Dataset Start Marker

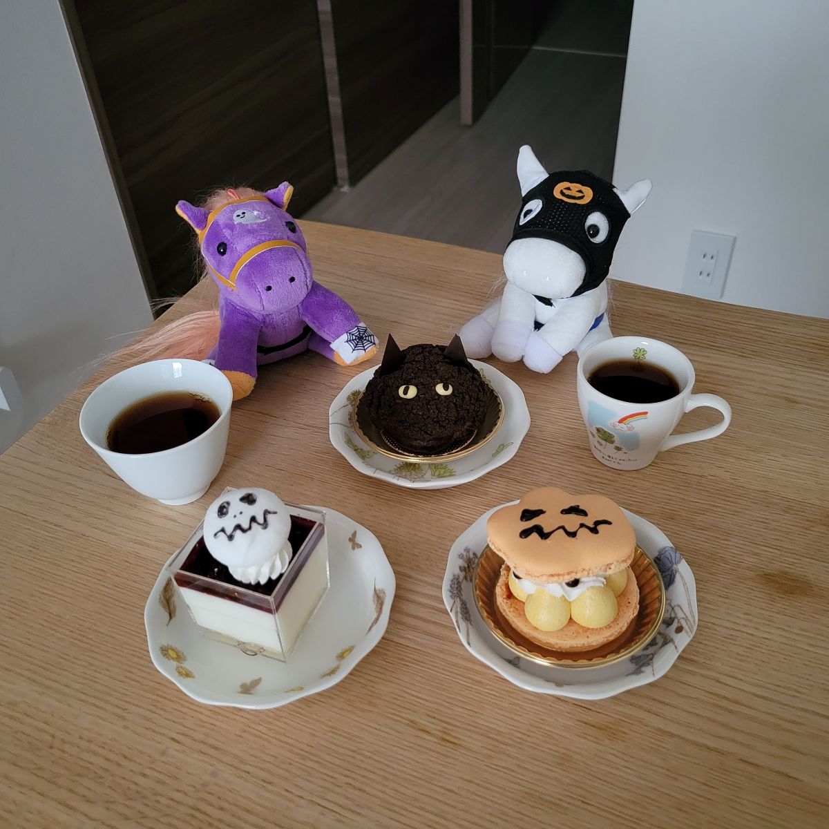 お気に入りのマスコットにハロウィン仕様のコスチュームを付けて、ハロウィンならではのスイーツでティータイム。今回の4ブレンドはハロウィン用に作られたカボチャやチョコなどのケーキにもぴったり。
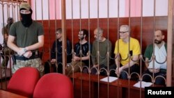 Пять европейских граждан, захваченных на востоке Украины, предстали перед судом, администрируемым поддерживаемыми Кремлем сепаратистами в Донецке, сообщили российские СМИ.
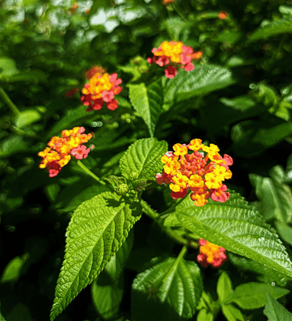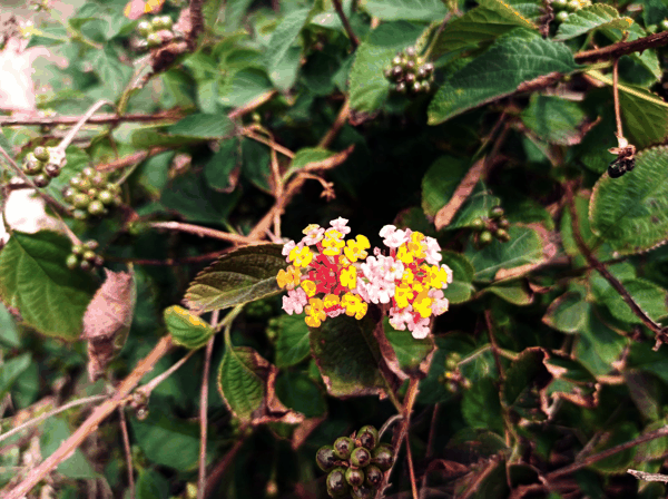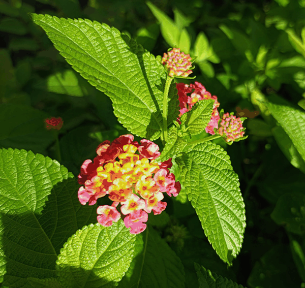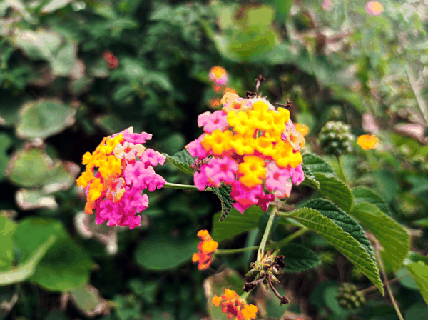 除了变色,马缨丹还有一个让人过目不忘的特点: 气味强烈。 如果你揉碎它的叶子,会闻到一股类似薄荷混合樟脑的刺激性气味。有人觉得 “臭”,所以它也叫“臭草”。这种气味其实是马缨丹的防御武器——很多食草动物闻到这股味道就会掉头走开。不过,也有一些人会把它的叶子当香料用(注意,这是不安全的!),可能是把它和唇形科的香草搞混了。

Dataset End Marker
Dataset Start Marker

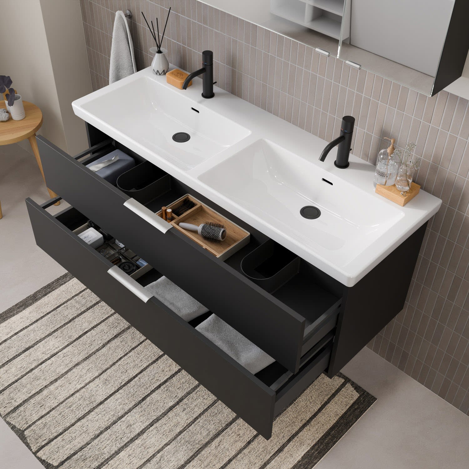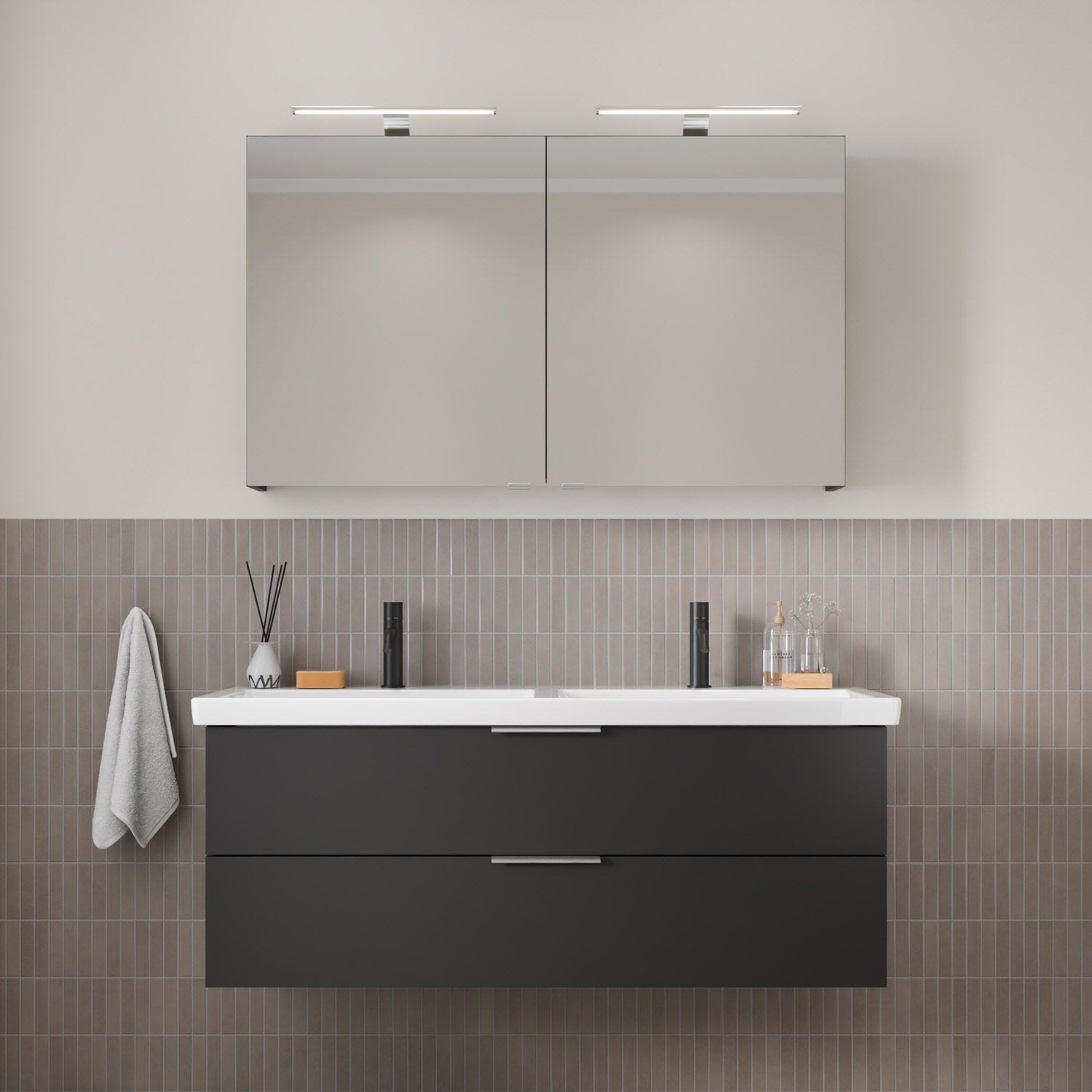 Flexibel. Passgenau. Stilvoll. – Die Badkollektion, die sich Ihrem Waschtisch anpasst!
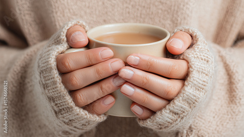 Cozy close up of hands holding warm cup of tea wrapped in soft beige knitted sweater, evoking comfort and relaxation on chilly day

Dataset End Marker
Dataset Start Marker

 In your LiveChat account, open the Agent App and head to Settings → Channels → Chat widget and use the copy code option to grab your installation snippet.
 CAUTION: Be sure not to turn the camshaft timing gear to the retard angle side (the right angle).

Dataset End Marker

• Action item: The reply should consist solely of the lines above from the one that has "In your LiveChat" through the one that has "CAUTION: Be sure", reproduced exactly.

• Answer to the exercise:
 In your LiveChat account, open the Agent App and head to Settings → Channels → Chat widget and use the copy code option to grab your installation snippet.
 CAUTION: Be sure not to turn the camshaft timing gear to the retard angle side (the right angle).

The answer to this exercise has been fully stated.